The story of the spread of the steppes people from Kurgan/Yamna cultures – the area between Caspian and Black Sea – has drawn far more attention than that of farmers from West Asia. Part of this is clearly the fascination of both Europeans and North Indians with the origin of their languages. It is the Yamna people who were the original proto Indo-European language speakers and carried it west towards Europe, and South towards Central, West and South Asia.
The story of the spread of agriculturalists however, is equally compelling. It shows that the postulate of demic expansion – agriculturists marching across the globe along with agriculture – while mixing with the original hunter gatherer populations was not wrong. This is the march of wheat and barley from Anatolia and Iran, across Europe, Central Asia and South Asia. They just got this expansion, which happened much earlier than the expansion of the steppes people, wrong in terms of language. The demic expansion did not carry the Indo European language with them. This was done by the steppes people.
This of course leaves out the other demic expansion that is linked to rice. In India, it has impacted eastern India. Reich-Narasimhan paper has relatively less to say about this, a gap which needs to be filled to have a more complete picture of the peopling of South Asia.
One important conclusion can be drawn from this paper, that the study of history has to contend with pulsed events – events accompanying rapid change – as well as slower changes. That history is not just simply a story of gradual changes; changes occur slowly, interspersed with rapid changes.
The other conclusion is that language of the conquest, and the language of civilisation can be different. The Indo European speakers spread their language, through conquest, a conquest made possible by their domestication of the horse, and their mobility. It is their mobility that allowed them to dominate over such large areas. The influx of pastoral people – with new weapons and mobility – have overturned many settled agricultural communities in history. We saw this with the rise of Turkic tribes – the Ottoman Empire, and the Mongols ruling over most of the Eurasian land mass as well. Both of them took over much bigger populations, with far more advanced civilisations.

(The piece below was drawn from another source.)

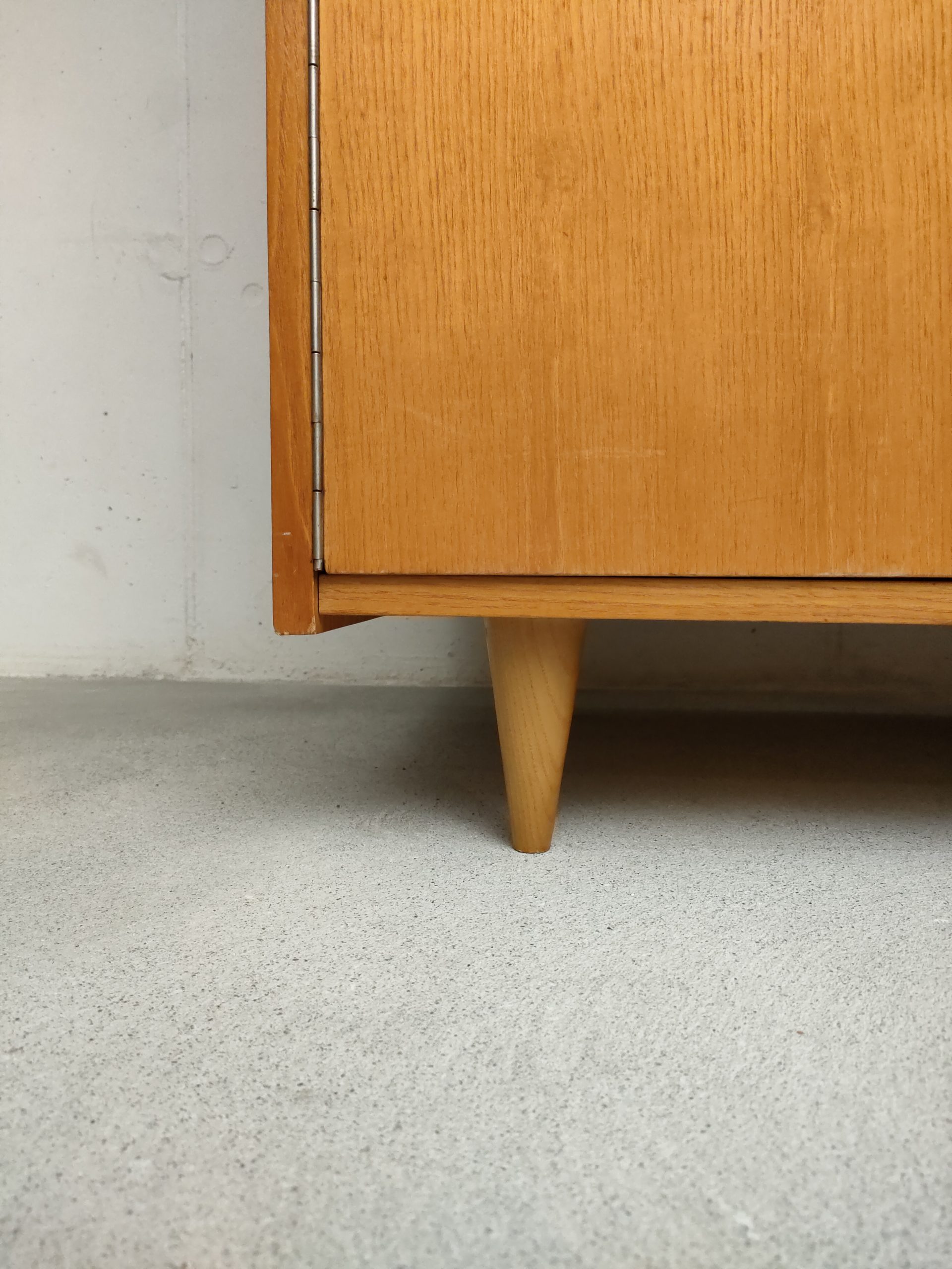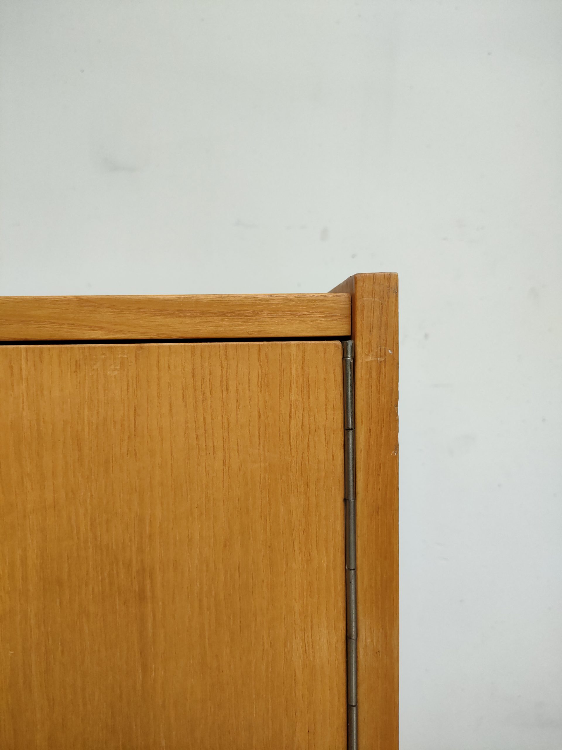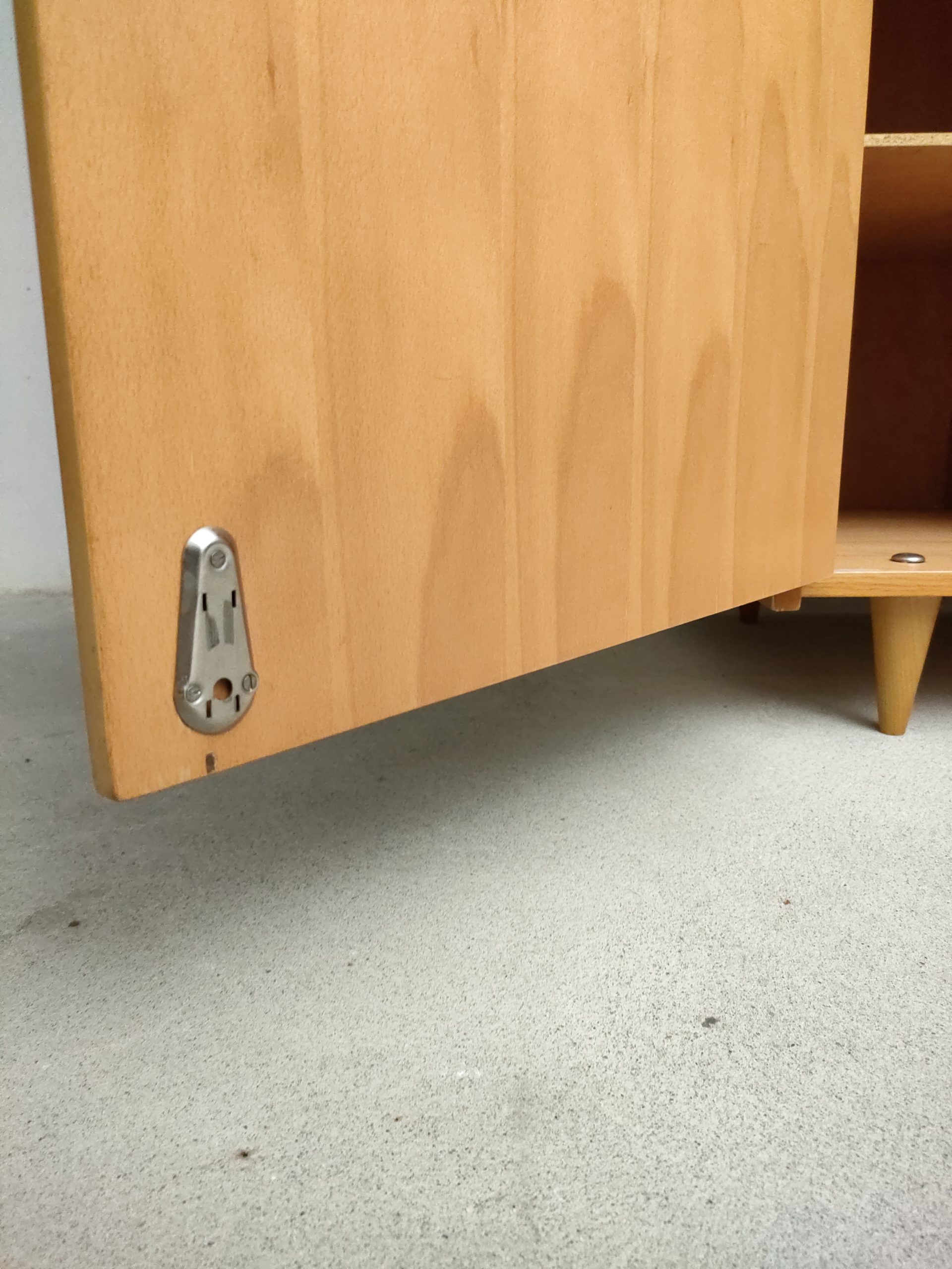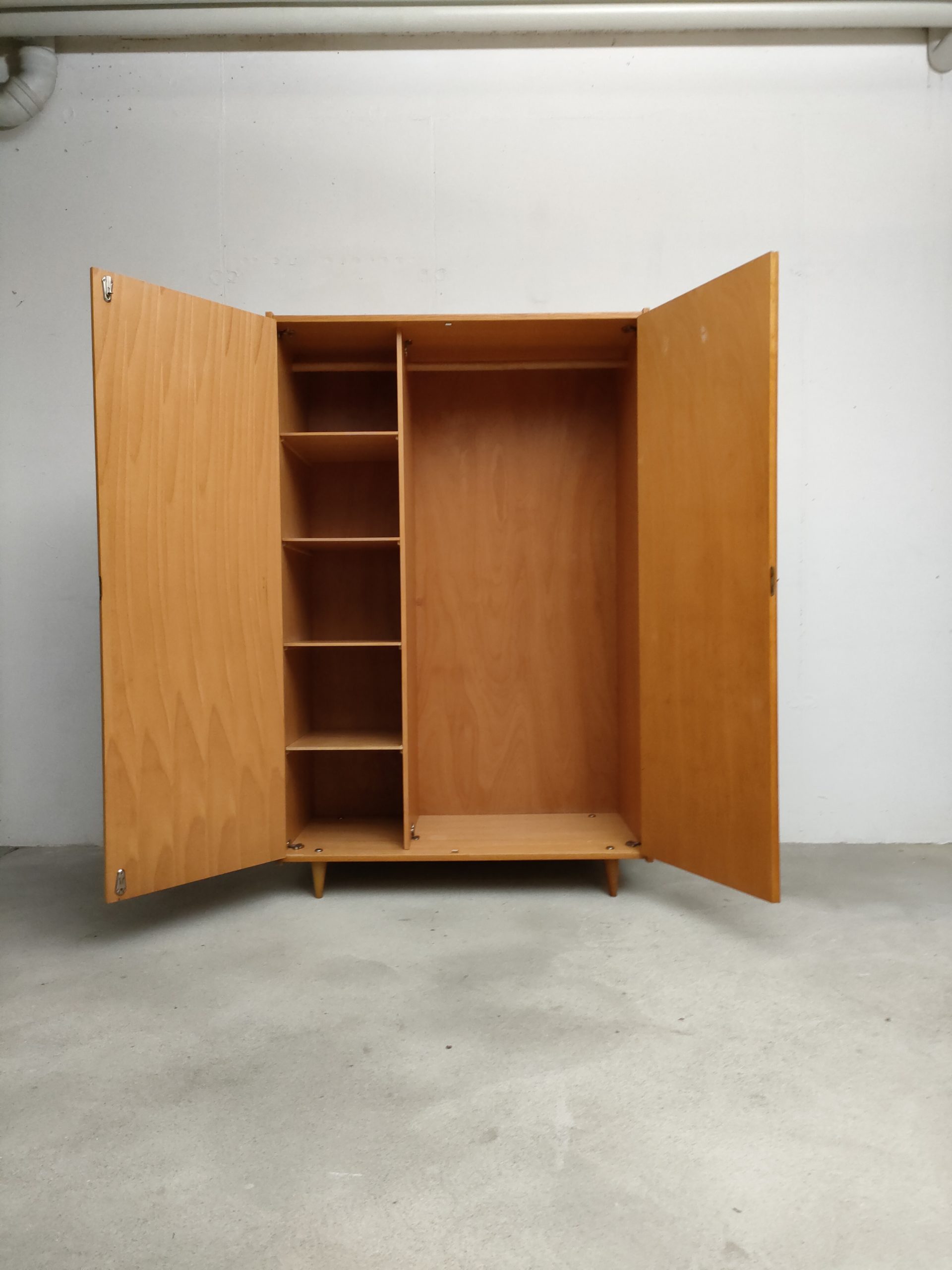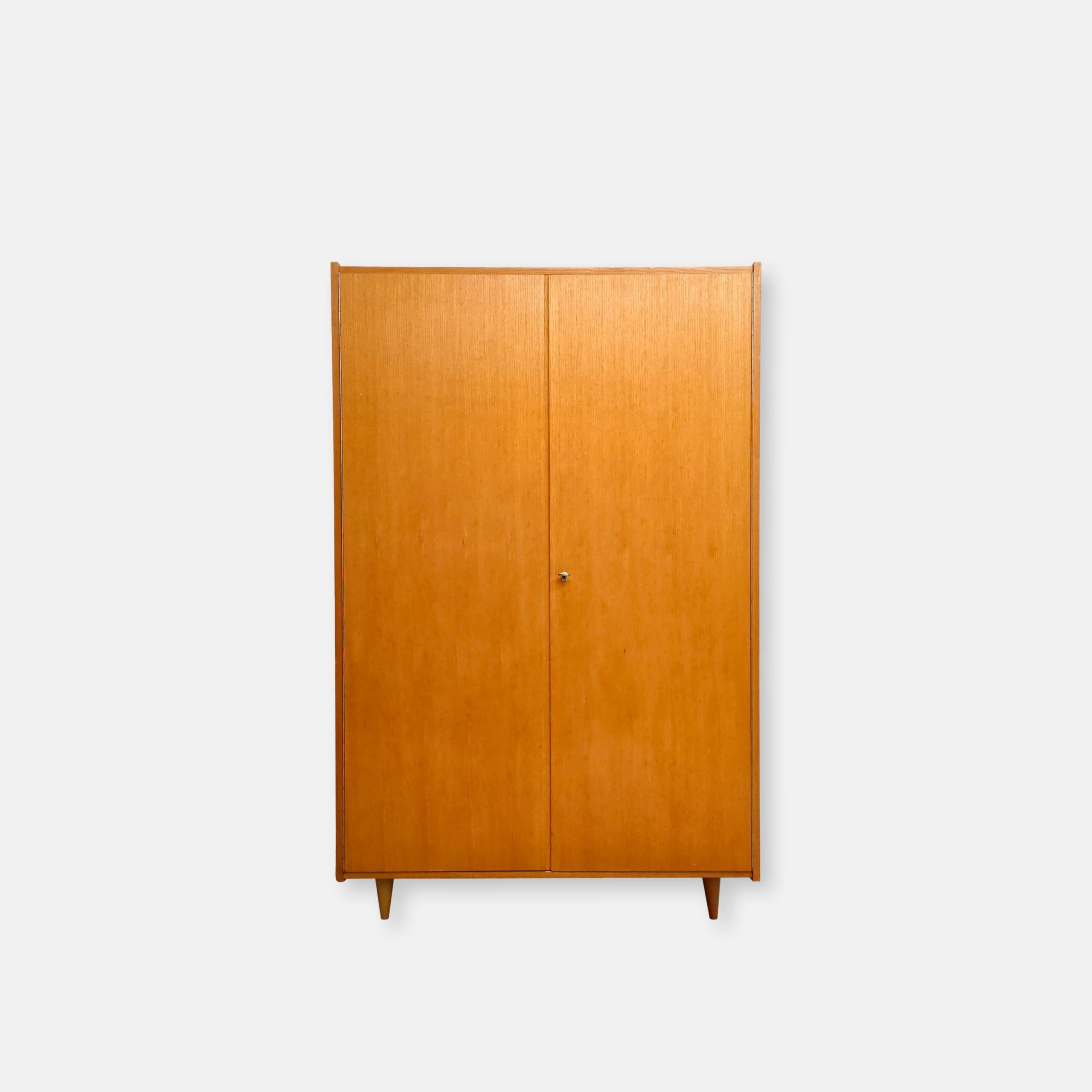 Produit venduArmoire vintage avec pieds fuseaux avec penderie d’un côté et 4 étagères de l’autre. Des traces d’usure sur le bois, avec des manques du placage à certains endroits (voir photos) et des décolorations de chaque côté. Le mécanisme inferieur pour fermer la porte de gauche est incomplet (celui supérieur est complet est les portes peuvent se fermer correctement). L’armoire est stable et solide et élégant, malgré ses défauts. Il peut être démonté pour le transport.

We should not therefore be surprised by similar events happening in more ancient times.
For the historians, there should be a sigh of relief. The painstaking work that they have done with archaeological and textual evidence is very close to the new genomic evidence. And it may yet help us provide pointers in deciphering the Indus Valley script, as we now know which are the possible relatives that we should look at.
Science is very cruel to myths and illusions. For those who confuse civilisation with “Aryans” have to live with the historical truth that the “Aryan” Vedic speakers were pastoral people and did not build the Indus Valley civilisation. Nor are they the original inhabitants of South Asia. They were just one among many of the late movers from the North West, who came to India using either the Bolan or the Khyber Pass. Genomics should now finally settle the question of who are the Indo Aryan language speakers, and are they just one branch of the Eurasian steppe population.